The Advice on Nutrition Fhthgoodfood isn’t about willpower. It’s about structure. The Plate Method works because it’s visual.
Simple. Human.
Half your plate. Non-starchy veggies. Quarter (protein.) Quarter.
Smart carbs.
That’s it. No scales. No apps.
No guilt.
The 80/20 rule backs you up. You don’t have to be perfect. Just consistent.
You want relief. Not another diet. Not more stress.
So here’s your move:
For your very next meal, build your plate using that 1/2–1/4 (1/4) split. Just start there. Right now.

Ask Oscar Conradostin how they got into healthy eating and nutrition and you'll probably get a longer answer than you expected. The short version: Oscar started doing it, got genuinely hooked, and at some point realized they had accumulated enough hard-won knowledge that it would be a waste not to share it. So they started writing.

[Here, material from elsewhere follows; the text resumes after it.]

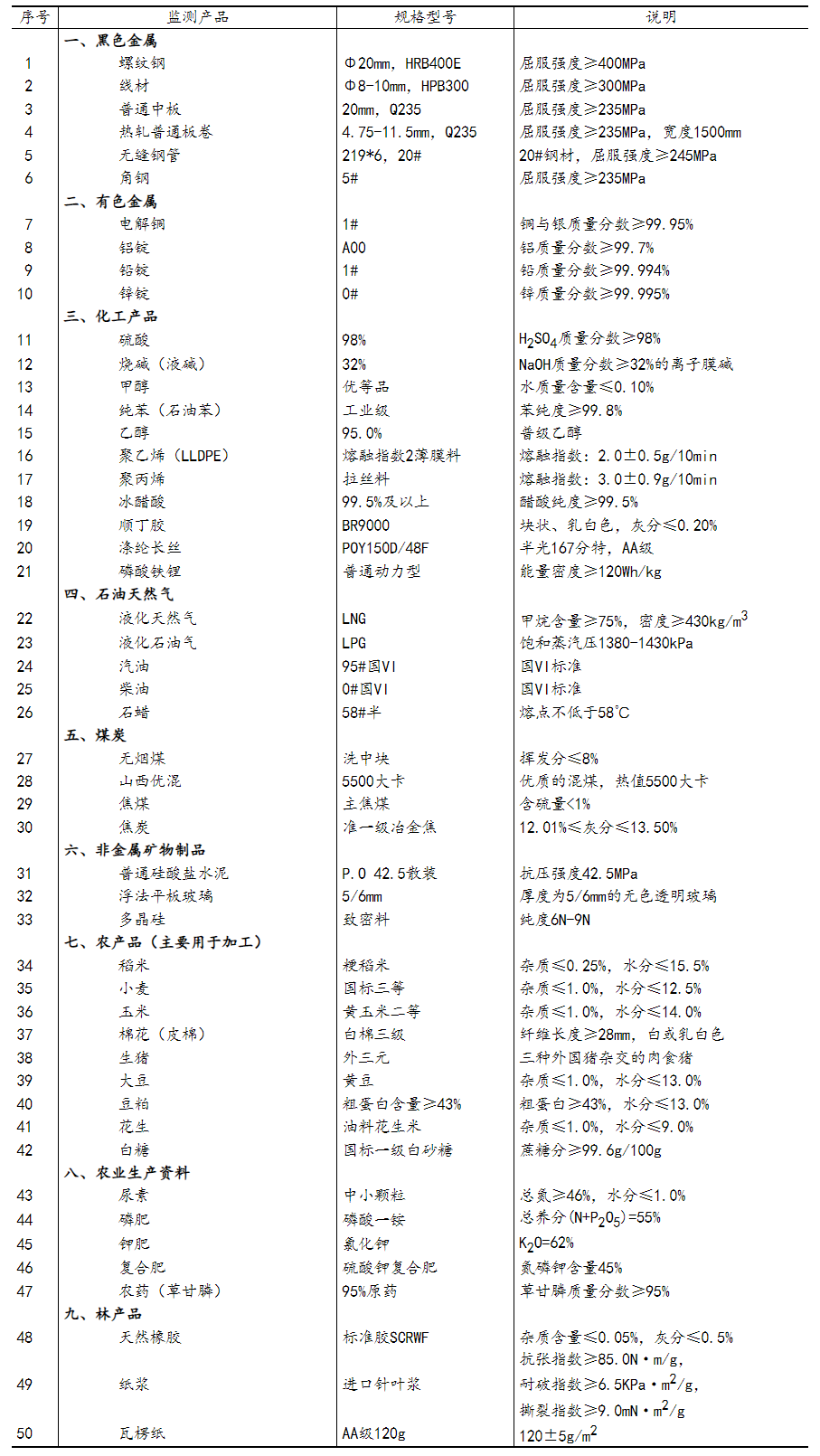 附注 1.指标解释 流通领域重要生产资料市场价格,是指重要生产资料经营企业的批发和销售价格。与出厂价格不同,生产资料市场价格既包含出厂价格,也包含有经营企业的流通费用、利润和税费等。出厂价格与市场价格互相影响,存在时滞,两者的变动趋势在某一时间段内有可能会出现不完全一致的情况。 2.监测内容 流通领域重要生产资料市场价格监测内容包括9大类50种产品的价格。类别与产品规格说明详见附表。 3.监测范围 监测范围涵盖全国31个省(区、市)300多个交易市场的近2000家批发商、代理商、经销商等经营企业。 4.监测方法 价格监测方法包括信息员现场采价,电话、即时通讯工具和电子邮件询价等。 5.涨跌个数的统计 产品价格上涨、下降、持平个数按照涨跌幅(%)进行统计。 附表 流通领域重要生产资料市场价格监测产品规格说明表

What makes Oscar worth reading is that they skips the obvious stuff. Nobody needs another surface-level take on Healthy Eating and Nutrition, Cooking Tips and Techniques, Meal Planning and Preparation. What readers actually want is the nuance — the part that only becomes clear after you've made a few mistakes and figured out why. That's the territory Oscar operates in. The writing is direct, occasionally blunt, and always built around what's actually true rather than what sounds good in an article. They has little patience for filler, which means they's pieces tend to be denser with real information than the average post on the same subject.
Oscar doesn't write to impress anyone. They writes because they has things to say that they genuinely thinks people should hear. That motivation — basic as it sounds — produces something noticeably different from content written for clicks or word count. Readers pick up on it. The comments on Oscar's work tend to reflect that.